Supplied records:
..........

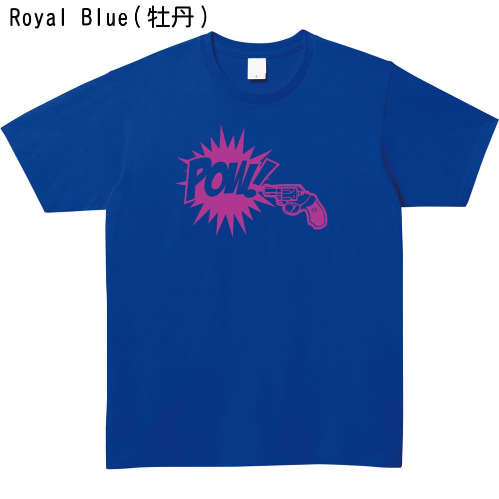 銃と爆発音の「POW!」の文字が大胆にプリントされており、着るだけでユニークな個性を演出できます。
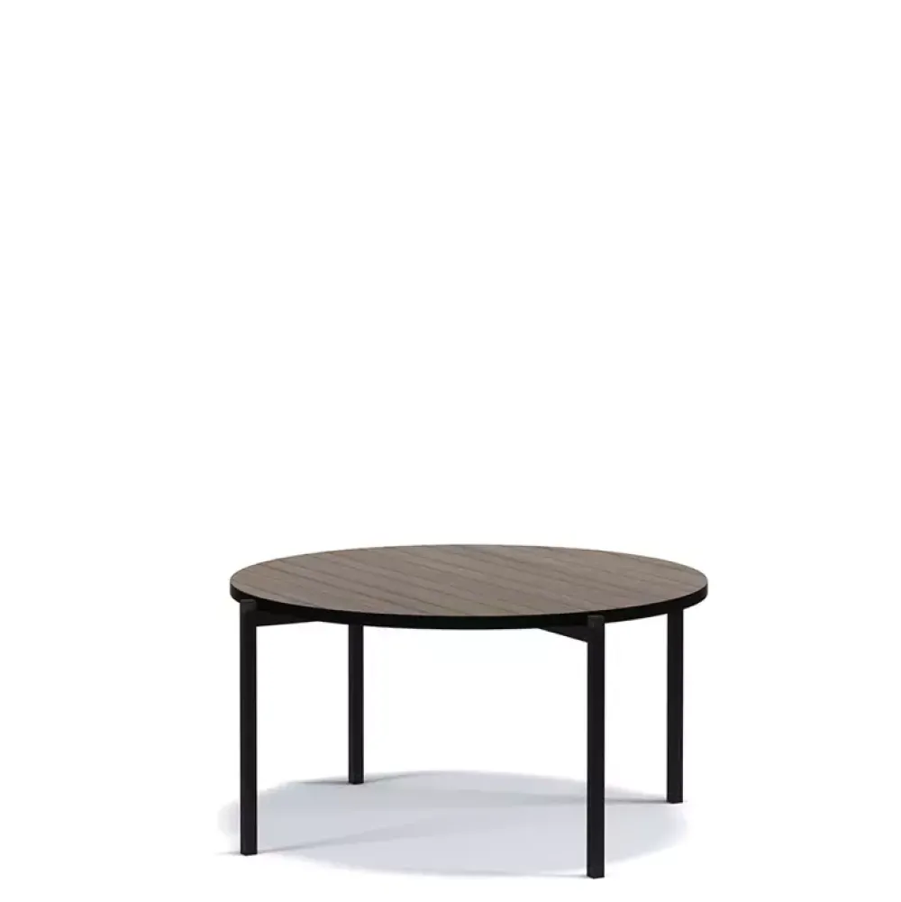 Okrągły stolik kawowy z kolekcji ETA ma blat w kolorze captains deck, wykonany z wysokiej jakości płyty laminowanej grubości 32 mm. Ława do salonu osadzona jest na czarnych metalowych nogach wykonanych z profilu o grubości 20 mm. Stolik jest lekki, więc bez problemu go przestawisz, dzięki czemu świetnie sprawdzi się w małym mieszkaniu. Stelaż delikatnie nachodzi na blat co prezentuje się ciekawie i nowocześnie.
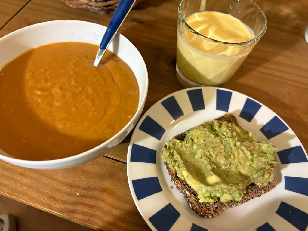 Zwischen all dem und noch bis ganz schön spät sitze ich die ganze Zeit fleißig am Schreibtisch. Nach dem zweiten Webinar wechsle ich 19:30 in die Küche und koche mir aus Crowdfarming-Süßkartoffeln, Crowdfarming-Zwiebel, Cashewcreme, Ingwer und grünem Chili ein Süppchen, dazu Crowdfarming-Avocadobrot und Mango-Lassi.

..........

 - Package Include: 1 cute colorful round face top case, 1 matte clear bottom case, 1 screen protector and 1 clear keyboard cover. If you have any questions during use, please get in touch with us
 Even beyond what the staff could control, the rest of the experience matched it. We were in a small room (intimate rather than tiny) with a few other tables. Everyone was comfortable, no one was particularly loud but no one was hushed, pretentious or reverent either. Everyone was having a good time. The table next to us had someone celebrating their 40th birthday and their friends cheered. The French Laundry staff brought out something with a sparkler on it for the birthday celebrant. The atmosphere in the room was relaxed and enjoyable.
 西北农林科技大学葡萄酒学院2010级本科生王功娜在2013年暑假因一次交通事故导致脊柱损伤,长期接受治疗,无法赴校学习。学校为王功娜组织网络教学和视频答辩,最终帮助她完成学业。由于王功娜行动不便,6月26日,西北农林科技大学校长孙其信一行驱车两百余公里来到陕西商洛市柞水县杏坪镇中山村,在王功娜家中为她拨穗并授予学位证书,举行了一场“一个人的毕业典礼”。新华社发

..........

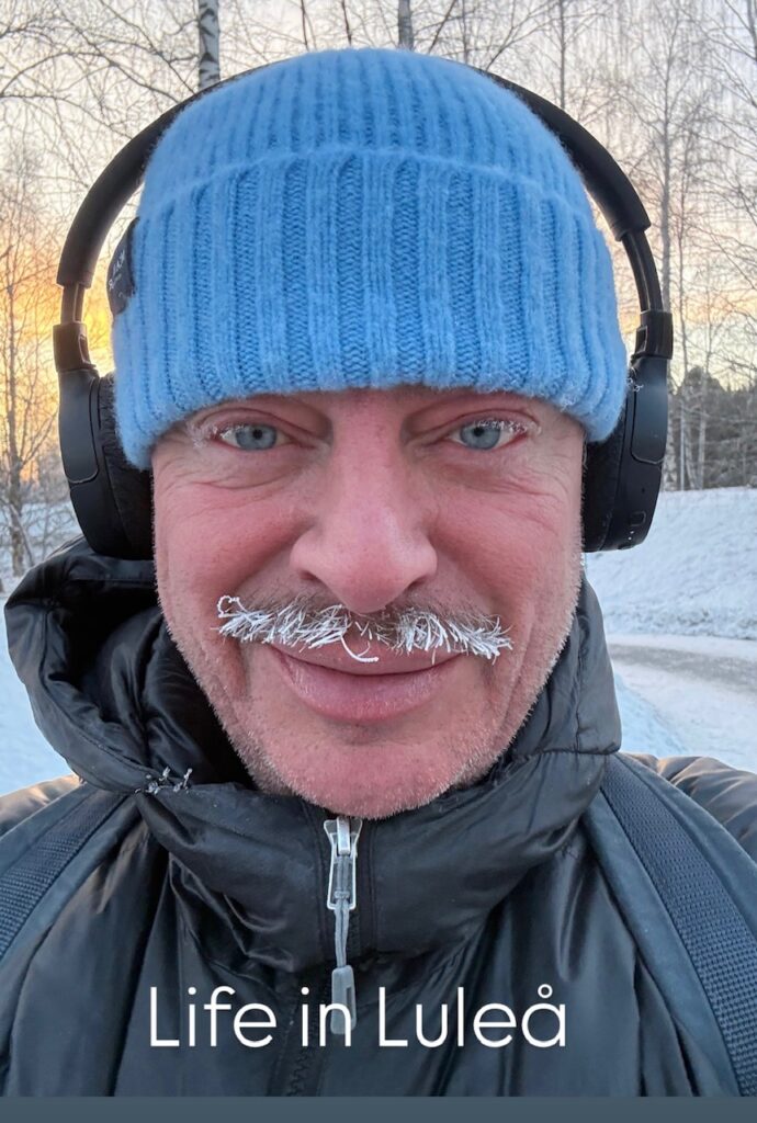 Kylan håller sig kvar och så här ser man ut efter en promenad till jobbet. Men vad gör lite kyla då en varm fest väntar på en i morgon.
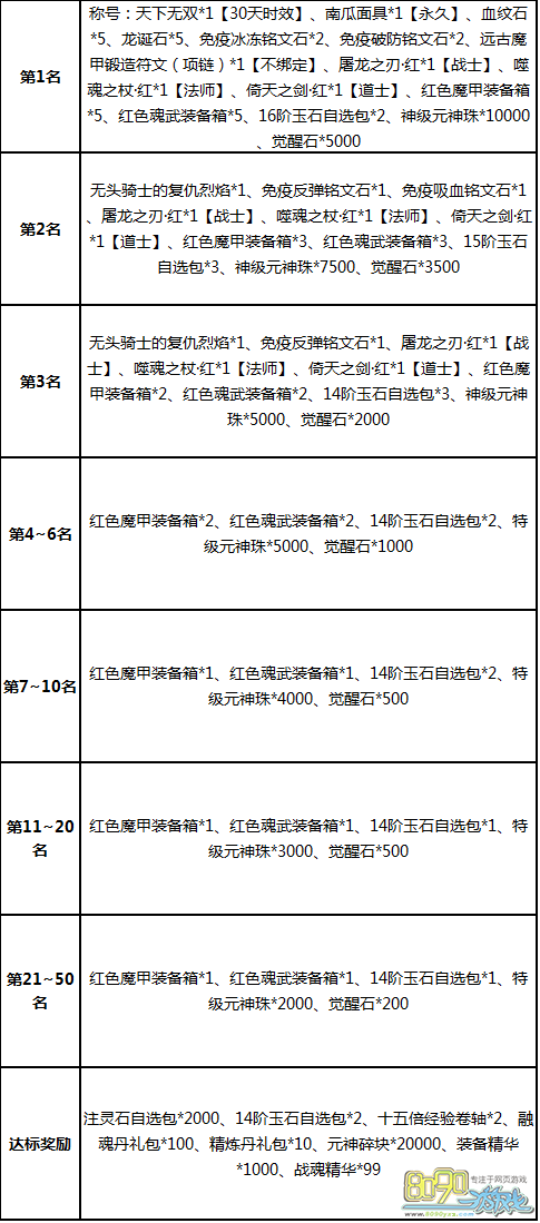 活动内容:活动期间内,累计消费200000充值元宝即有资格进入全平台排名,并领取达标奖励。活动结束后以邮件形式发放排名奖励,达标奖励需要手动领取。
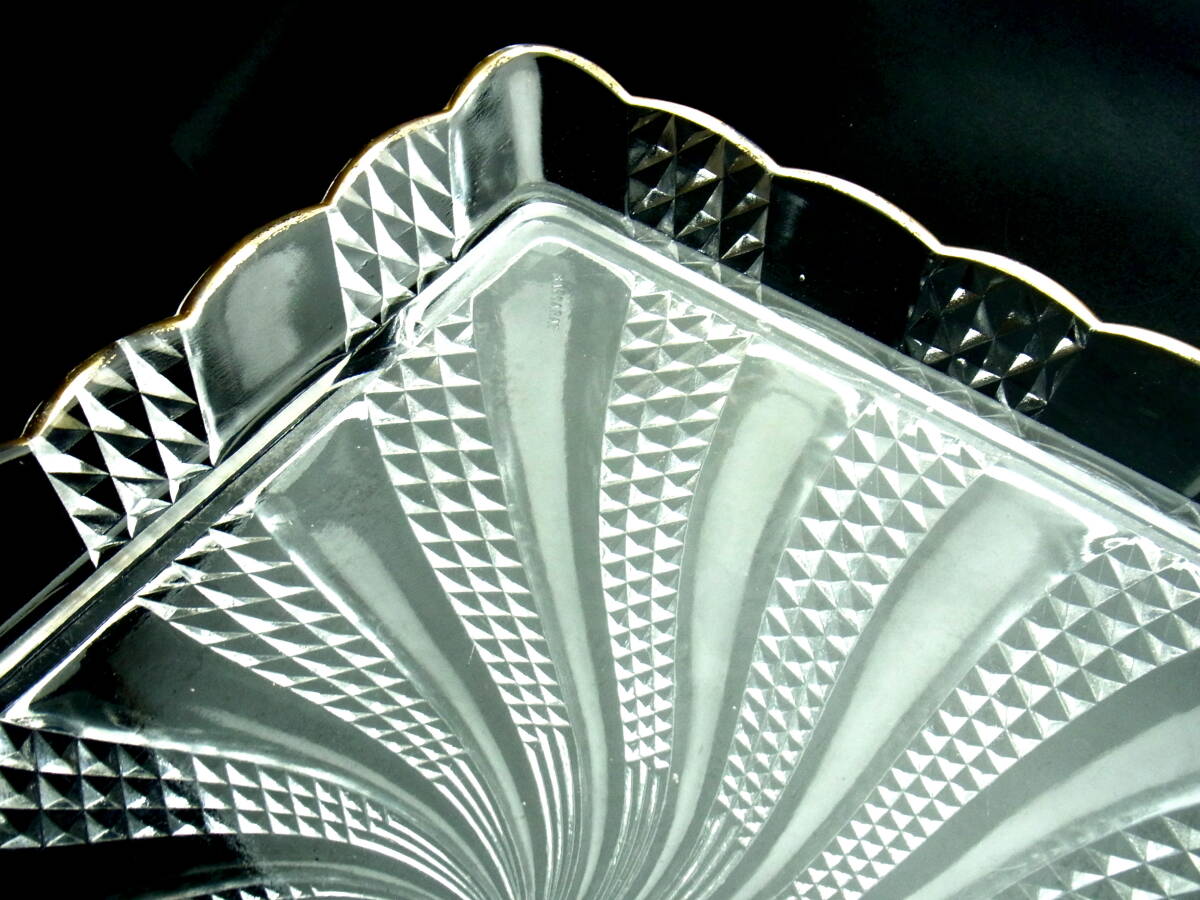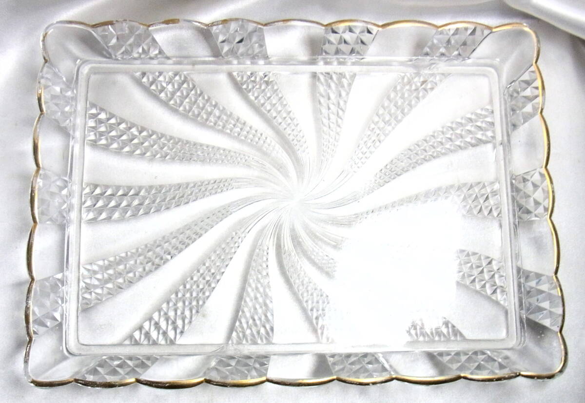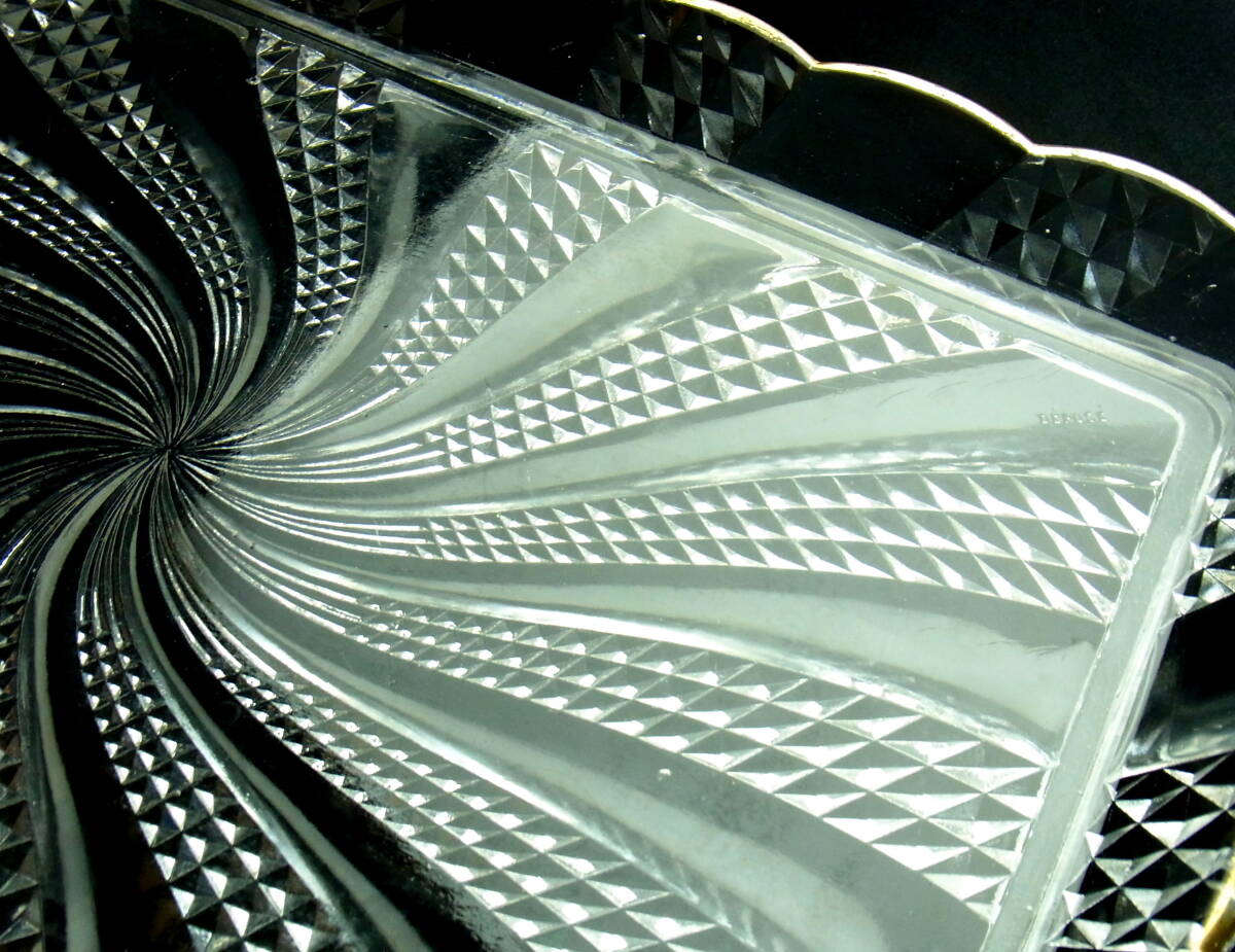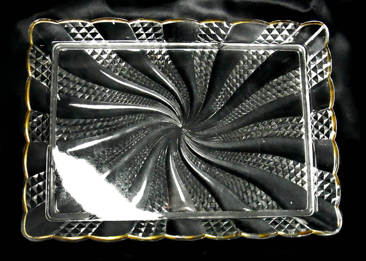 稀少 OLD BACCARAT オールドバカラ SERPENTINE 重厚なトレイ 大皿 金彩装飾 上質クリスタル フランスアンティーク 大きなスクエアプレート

..........

Activity:
Among the lines above, return those that contain the string "with".

Written reply:
 - Package Include: 1 cute colorful round face top case, 1 matte clear bottom case, 1 screen protector and 1 clear keyboard cover. If you have any questions during use, please get in touch with us
 Even beyond what the staff could control, the rest of the experience matched it. We were in a small room (intimate rather than tiny) with a few other tables. Everyone was comfortable, no one was particularly loud but no one was hushed, pretentious or reverent either. Everyone was having a good time. The table next to us had someone celebrating their 40th birthday and their friends cheered. The French Laundry staff brought out something with a sparkler on it for the birthday celebrant. The atmosphere in the room was relaxed and enjoyable.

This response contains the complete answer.